Statistics Seminar(2018-24)
Topic: Recommender Systems on Platforms (Joint work with Xuan Wang and Dennis J. Zhang)
Speaker: Renyu (Philip) Zhang, New York University Shanghai
Time: Thursday, December 27, 14:00-15:00
Place: Room K02, Guanghua Building 2
Abstract:
We study how a recommender system could shape the demand to maximize the number of matches between consumers and producers on a two-sided platform. To improve the long-term performance of a platform, the optimal recommender system design trades off expanding market demand by recommending high-quality producers and reducing congestion by recommending low-quality ones. The traditional recommender system has been focusing on identifying and recommending the producers of highest qualities. Albeit optimal when producers have unlimited capacities, such a recommender system may result in substantial optimality losses in the presence of producer capacity constraints. Such losses are most significant when the demand and supply of the platform is balanced. If, in addition, the quality of a producer improves upon working for the platform, the platform should recommend low-quality producers even more often to improve their qualities.
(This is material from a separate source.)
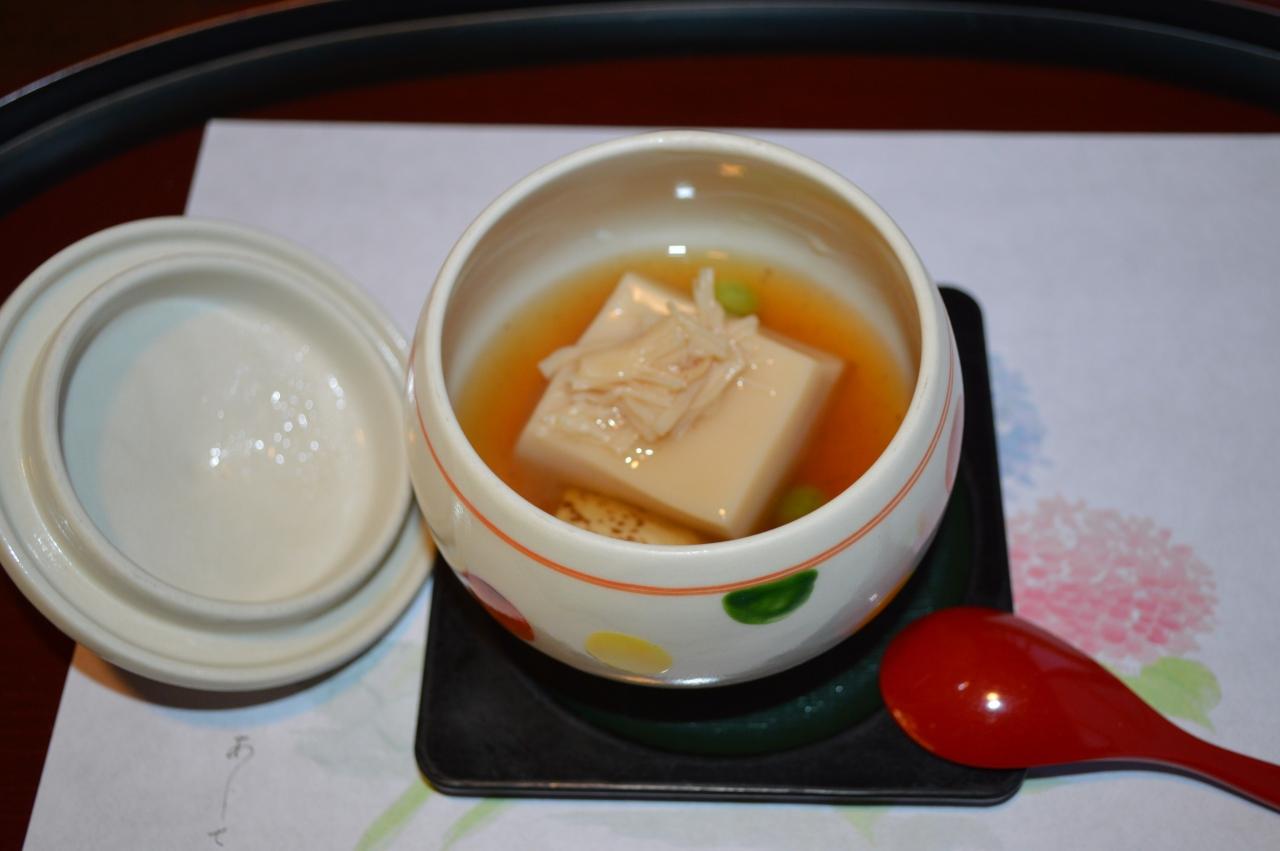 温物 胡麻豆腐に巻湯葉、貝柱でべっ甲飴のお出汁でいただきます。

A dynamic re-balancing recommendation policy which maximizes the number of matches myopically converges to an optimal policy in the long-run. We also extend our results to a setting with multiple quality levels and a setting with horizontally heterogeneous consumers and producers. Our results shed light on the optimal recommender system design for a broad range of two-sided platforms.
Introduction:

Renyu (Philip) Zhang has been an Assistant Professor of Operations Management at New York University Shanghai since August 2016. His research addresses fundamental operations issues under the emerging trends in technology, marketplaces, and society. He is particularly enthusiastic about developing analytics techniques to study the operations problems in the context of online platforms and marketplaces, sharing economy, social networks, and sustainability. His research works have appeared in Operations Research and Manufacturing & Service Operations Management. Please visit his personal website for more about Philip: //www.nyu.edu/projects/rzhang/. Before joining NYU Shanghai, Philip obtained his doctoral degree in Operations Management at Olin Business School, Washington University in St. Louis in May 2016 under the supervision of Professor Nan Yang and Professor Fuqiang Zhang.